> **WHAT TO DO**
Write out the listing from the line with "Double curtain switch" to the line with "- On opening", both lines included, exactly and nothing beyond. Leave pictures out.

> **DATA FOR THIS EXERCISE**
========================================

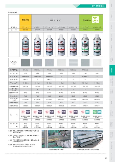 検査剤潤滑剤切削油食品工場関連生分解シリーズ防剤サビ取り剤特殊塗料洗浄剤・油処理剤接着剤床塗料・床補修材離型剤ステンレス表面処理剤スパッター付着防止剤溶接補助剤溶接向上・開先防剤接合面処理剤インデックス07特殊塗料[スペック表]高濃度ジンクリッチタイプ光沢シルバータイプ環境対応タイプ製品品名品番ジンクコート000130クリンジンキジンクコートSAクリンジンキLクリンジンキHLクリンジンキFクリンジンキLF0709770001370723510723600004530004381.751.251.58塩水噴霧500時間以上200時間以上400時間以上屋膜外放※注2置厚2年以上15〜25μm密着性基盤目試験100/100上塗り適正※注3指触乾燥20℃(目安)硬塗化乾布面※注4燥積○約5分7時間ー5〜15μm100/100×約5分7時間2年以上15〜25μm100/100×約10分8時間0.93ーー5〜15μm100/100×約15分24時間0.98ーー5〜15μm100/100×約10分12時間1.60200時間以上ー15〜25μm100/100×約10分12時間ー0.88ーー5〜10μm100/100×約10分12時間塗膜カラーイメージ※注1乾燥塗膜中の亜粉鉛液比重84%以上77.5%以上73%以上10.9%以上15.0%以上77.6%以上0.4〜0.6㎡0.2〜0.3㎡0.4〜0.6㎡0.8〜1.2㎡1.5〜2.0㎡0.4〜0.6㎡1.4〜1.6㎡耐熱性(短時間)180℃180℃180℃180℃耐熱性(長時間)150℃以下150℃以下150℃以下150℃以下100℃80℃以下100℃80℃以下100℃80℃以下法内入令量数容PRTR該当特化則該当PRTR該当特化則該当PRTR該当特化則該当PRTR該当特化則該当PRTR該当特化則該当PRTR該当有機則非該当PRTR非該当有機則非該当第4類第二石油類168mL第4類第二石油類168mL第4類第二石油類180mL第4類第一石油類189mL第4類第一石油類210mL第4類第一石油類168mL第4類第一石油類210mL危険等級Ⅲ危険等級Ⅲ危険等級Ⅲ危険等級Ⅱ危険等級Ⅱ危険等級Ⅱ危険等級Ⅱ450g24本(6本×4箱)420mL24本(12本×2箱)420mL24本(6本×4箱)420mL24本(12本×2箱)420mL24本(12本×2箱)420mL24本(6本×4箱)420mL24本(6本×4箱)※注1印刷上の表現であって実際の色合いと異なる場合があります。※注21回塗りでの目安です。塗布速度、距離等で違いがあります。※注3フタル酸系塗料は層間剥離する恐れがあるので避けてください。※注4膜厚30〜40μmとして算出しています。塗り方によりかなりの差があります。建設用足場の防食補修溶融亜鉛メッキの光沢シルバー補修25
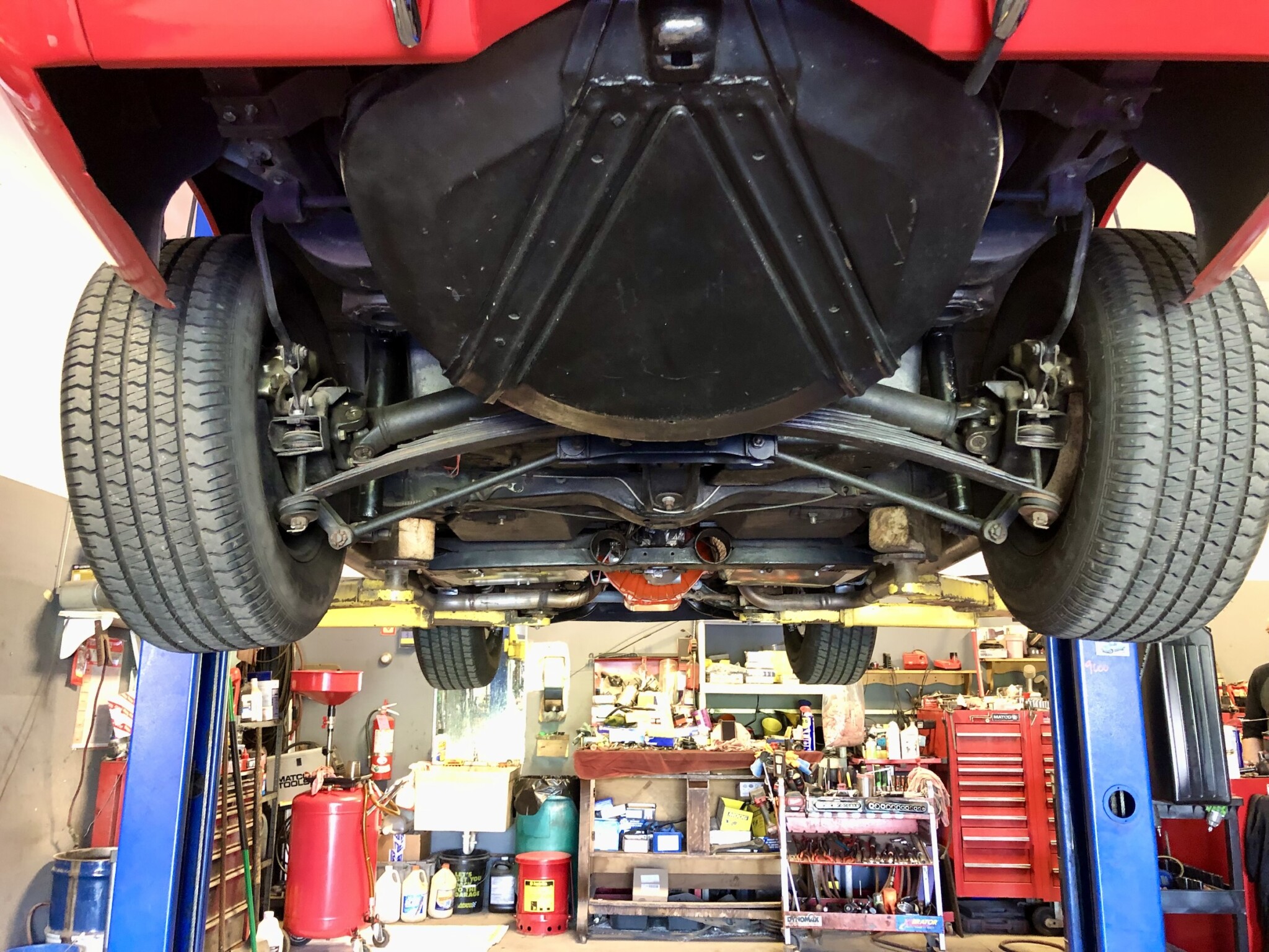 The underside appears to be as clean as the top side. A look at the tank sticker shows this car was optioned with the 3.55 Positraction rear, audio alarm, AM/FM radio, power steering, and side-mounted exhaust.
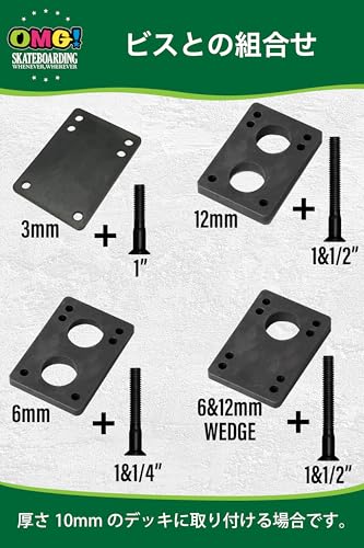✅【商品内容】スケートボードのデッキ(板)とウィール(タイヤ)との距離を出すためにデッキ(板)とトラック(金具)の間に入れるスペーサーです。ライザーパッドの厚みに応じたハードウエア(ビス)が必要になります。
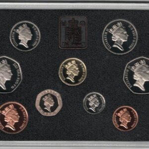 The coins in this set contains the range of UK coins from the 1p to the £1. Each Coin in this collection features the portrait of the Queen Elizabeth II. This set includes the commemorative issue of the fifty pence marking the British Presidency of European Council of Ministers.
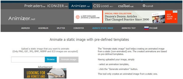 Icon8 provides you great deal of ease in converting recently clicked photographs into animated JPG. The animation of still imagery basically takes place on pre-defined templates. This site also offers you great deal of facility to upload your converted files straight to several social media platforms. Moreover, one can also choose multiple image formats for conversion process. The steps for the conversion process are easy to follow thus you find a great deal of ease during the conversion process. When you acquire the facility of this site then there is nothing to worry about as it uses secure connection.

========================================

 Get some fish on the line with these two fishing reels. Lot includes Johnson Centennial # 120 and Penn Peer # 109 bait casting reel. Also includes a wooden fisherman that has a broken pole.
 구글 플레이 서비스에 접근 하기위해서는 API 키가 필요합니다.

========================================

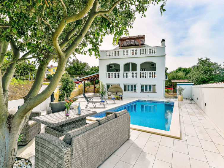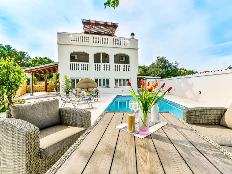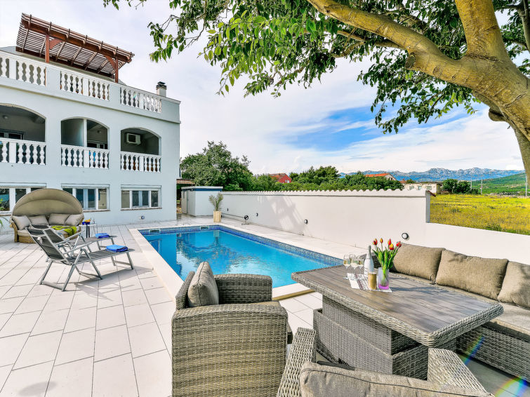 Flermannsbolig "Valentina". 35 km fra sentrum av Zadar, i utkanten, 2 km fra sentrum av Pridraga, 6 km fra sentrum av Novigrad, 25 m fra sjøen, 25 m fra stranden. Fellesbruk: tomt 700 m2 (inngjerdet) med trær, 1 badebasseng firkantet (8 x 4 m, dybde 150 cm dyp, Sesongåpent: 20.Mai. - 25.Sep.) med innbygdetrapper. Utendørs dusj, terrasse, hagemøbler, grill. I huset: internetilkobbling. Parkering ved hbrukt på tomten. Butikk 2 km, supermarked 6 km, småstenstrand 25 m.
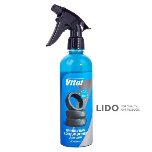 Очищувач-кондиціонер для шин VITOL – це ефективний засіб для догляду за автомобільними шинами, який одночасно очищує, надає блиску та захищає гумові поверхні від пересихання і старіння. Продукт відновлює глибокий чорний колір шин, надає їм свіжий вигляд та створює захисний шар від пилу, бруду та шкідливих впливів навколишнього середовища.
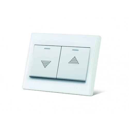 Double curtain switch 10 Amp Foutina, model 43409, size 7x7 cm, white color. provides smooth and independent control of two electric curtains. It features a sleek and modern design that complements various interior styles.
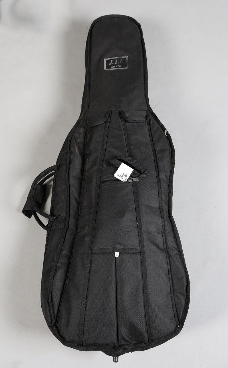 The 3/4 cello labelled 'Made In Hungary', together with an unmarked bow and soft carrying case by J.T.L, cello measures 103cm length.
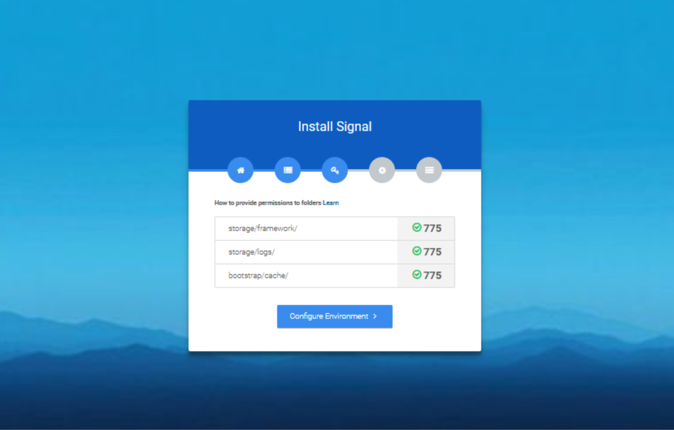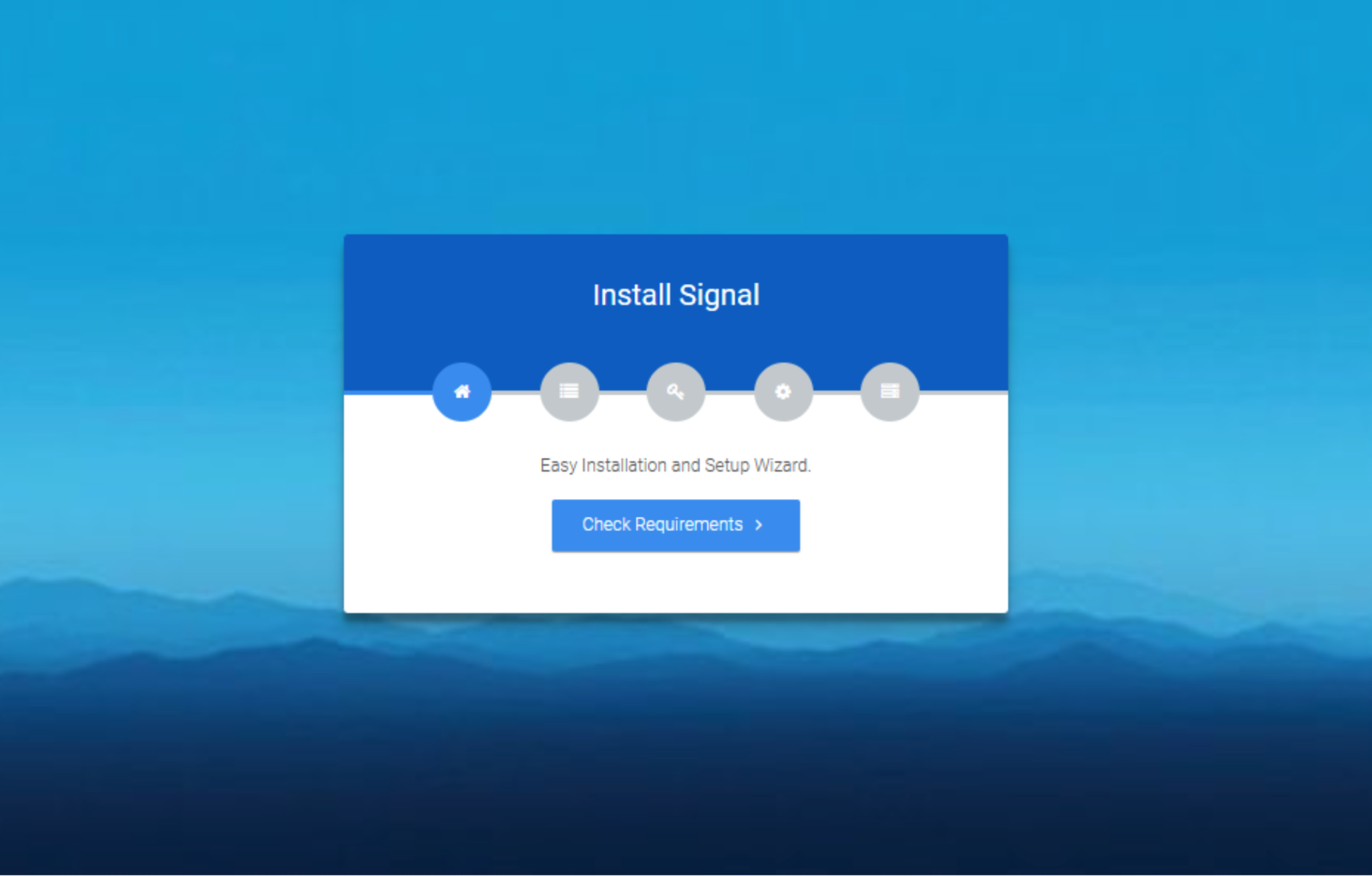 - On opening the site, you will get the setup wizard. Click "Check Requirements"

========================================

> **OUTPUT OF THE TASK**
 Double curtain switch 10 Amp Foutina, model 43409, size 7x7 cm, white color. provides smooth and independent control of two electric curtains. It features a sleek and modern design that complements various interior styles.
 The 3/4 cello labelled 'Made In Hungary', together with an unmarked bow and soft carrying case by J.T.L, cello measures 103cm length.
 - On opening the site, you will get the setup wizard. Click "Check Requirements"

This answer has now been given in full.